Alors que l’Europe se reconfine face aux assauts de la pandémie, la contestation grandit dans un secteur de la restauration laminé par des mois de fermeture et l’absence de perspectives.
Christina, Laurent, Jiri et Martin : de Genève à Sofia, les témoignages de quatre représentants qui racontent l’impact de la crise sanitaire sur leur métier.
« Ne jamais abandonner »
« Mourir d’ennui » : à l’entrée d’un café de Vienne, un squelette en tenue de serveur brandit un écriteau qui reflète l’état d’esprit de la patronne, Christina Hummel. Troisième génération de sa famille à diriger l’établissement du même nom, elle a récemment participé à une action symbolique pour dire son désarroi face au troisième confinement de l’Autriche.
« Nous essayons de traverser la crise de manière créative et positive », confie cette gérante de 44 ans, devant la salle au décor tamisé et aux moelleuses banquettes. Mais elle se dit découragée par les revirements incessants du gouvernement. Nombreux sont ceux dans le secteur à avoir le sentiment d’être « baladés de semaine en semaine », regrette-t-elle.
En revanche, pas question pour elle de violer les règles. « Je ne ferais rien qui m’attire des ennuis ou m’oblige à payer une amende », souligne Christina Hummel, rappelant qu’elle a un fils de six ans et des employés à faire vivre. Et de souligner le fait qu’elle a conscience de la « gravité » de la situation : « je ne suis ni une coronasceptique ni une théoricienne du complot », insiste cette « passionnée » qui garde espoir sur le long terme. « La culture des cafés viennois a déjà traversé plusieurs crises et ce mode de vie ne disparaîtra jamais. Comme dit l’adage : un vrai Viennois n’abandonne jamais ».
« C’est déjà trop tard »
A Genève, Laurent Terlinchamp est moins optimiste. Président de la Société des cafetiers, restaurateurs et hôteliers, il assiste impuissant à des faillites en série. Les adhérents sont au « désespoir », lourds de la « responsabilité de collaborateurs qu’ils ne peuvent pas payer, de charges » qu’ils ne peuvent pas honorer, « d’un avenir qui n’existe plus ». « Pour 30% d’entre eux, ce qui correspond à plus de 600 entreprises, c’est déjà trop tard », lâche-t-il.
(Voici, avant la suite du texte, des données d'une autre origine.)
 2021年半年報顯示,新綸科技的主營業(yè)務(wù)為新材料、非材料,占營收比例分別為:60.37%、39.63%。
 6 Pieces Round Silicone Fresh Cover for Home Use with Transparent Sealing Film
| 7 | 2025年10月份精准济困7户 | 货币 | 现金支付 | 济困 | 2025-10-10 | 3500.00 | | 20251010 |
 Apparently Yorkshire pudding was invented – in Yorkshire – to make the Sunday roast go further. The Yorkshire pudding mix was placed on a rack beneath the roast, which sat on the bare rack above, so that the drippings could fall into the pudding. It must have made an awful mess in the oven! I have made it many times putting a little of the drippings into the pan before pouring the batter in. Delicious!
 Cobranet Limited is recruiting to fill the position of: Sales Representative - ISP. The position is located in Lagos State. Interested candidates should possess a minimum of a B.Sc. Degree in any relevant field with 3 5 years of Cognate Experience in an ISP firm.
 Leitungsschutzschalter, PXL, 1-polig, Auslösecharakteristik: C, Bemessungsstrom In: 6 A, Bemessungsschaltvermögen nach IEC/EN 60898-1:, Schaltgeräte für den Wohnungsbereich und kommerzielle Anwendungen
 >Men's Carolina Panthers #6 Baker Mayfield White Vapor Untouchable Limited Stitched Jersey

Lui aussi déplore l’incertitude : « Ce qui m’importe, c’est de savoir quand on va rouvrir dans des conditions viables », et d’ici là « d’avoir des aides » suffisantes pour se dire : « Je ne vais pas perdre mon commerce, c’est-à-dire ma vie ».
« Je ne plierai jamais »
Pour ne pas broyer du noir, le Tchèque Jiri Janacek a lui choisi de se rebeller. Depuis le 9 décembre, il accueille de nouveau les clients dans sa petite brasserie, Maly Janek, située à une quarantaine de kilomètres au sud de Prague, défiant ouvertement les restrictions. « Nous avons perdu patience quand le gouvernement a changé les règles trois fois en une seule semaine », explique cet ancien politicien de droite.
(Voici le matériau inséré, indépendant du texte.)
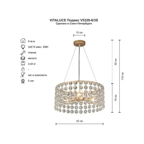 Купить Люстра V5329-8/3S, 3xE14 макс. 40Вт - по цене 11790 руб. в Краснодаре с доставкой или самовывозом. Заказ можно оформить на нашем сайте kotofoto.ru или по телефону 8(800)505-43-75. Вы можете забрать товар в одном из пунктов самовывоза в Краснодаре или оформить доставку на дом в удобное для Вас время.
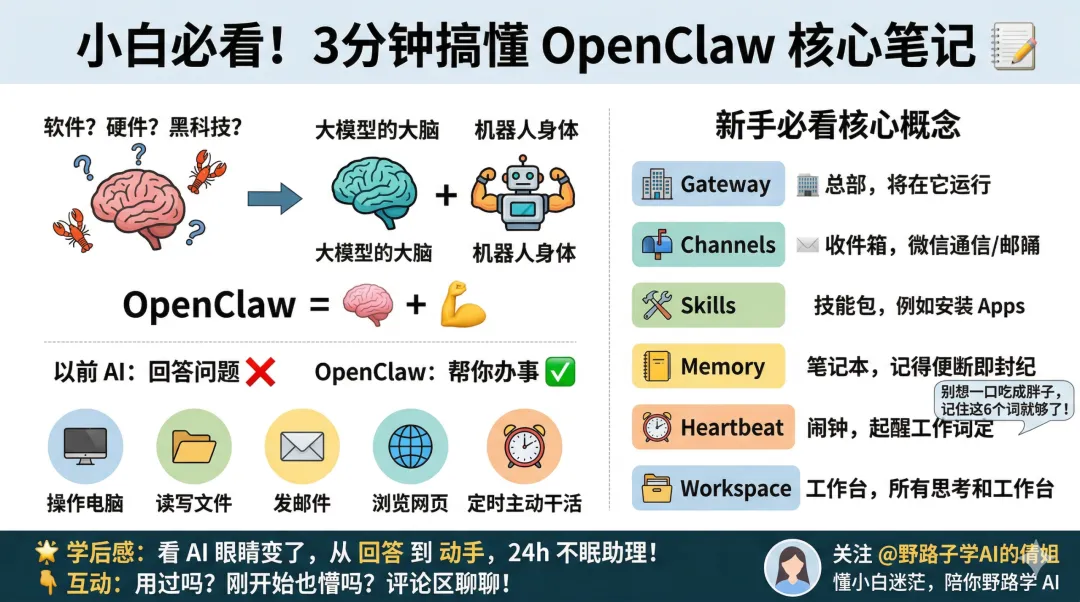 以前AI只能「回答问题」,现在AI能「帮你办事」——这就是OpenClaw的核心!
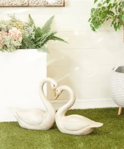 GRAYSON LANE Greyson Lane 16.95-in x 32.25-in White Swan Animal Garden Statue
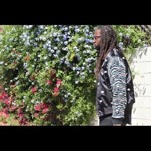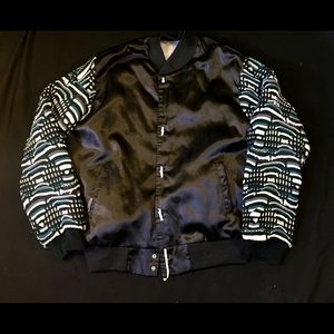 Jacket is custom made with authentic coogi australi mercerized cotton sleeves on a satin varsity jacket with authentic starter logo patches sewn across front and back. Jacket has no lining so it’s lightweight and not super bulky perfect for layering. Ribbed collar and cuffs and two front slant pockets with snap button front. Authentic vintage from the 80s 90s y2k retro streetwear era

Dans ce pays champion du monde de la consommation de bière, il a organisé début janvier, avec d’autres restaurateurs, une chaîne de chopes d’un kilomètre de long dans le centre-ville de Prague. « Je ne plierai jamais » malgré les visites de la police ou les amendes des autorités sanitaires, promet-il, balayant le risque que son pub ne devienne un foyer de contaminations.
« On ne peut plus accepter un tel traitement »
A un petit millier de kilomètres de là, en Bulgarie, Martin Mihaylov se mobilise aussi. Cet homme de 41 ans, qui tient trois bars qui sont de hauts lieux de la vie nocturne de Sofia, a prévu de descendre dans la rue ce mercredi pour dénoncer le « manque de soutien de l’État » et défendre sa « liberté ».
« Les autorités n’ont jamais respecté le calendrier donné. On ne peut plus accepter un tel traitement ! », s’emporte-t-il dans l’un de ses établissements déserts, Terminal 1, casquette vissée sur la tête. « Nous ne le ferons pas de gaieté de cœur mais nous allons peut-être devoir finir par enfreindre la loi », prévient Martin, tout en remerciant ses créanciers pour leur « aide et tolérance ».
Il ne se fait pas d’illusion : face aux « dettes accumulées », « la reprise sera très lente ». Quand « un jour » la foule reviendra, « ce sera le stress », imagine-il. « Je ne me souviens plus de la dernière fois que c’était plein », dit-il, en montrant la piste, triste sans ses danseurs.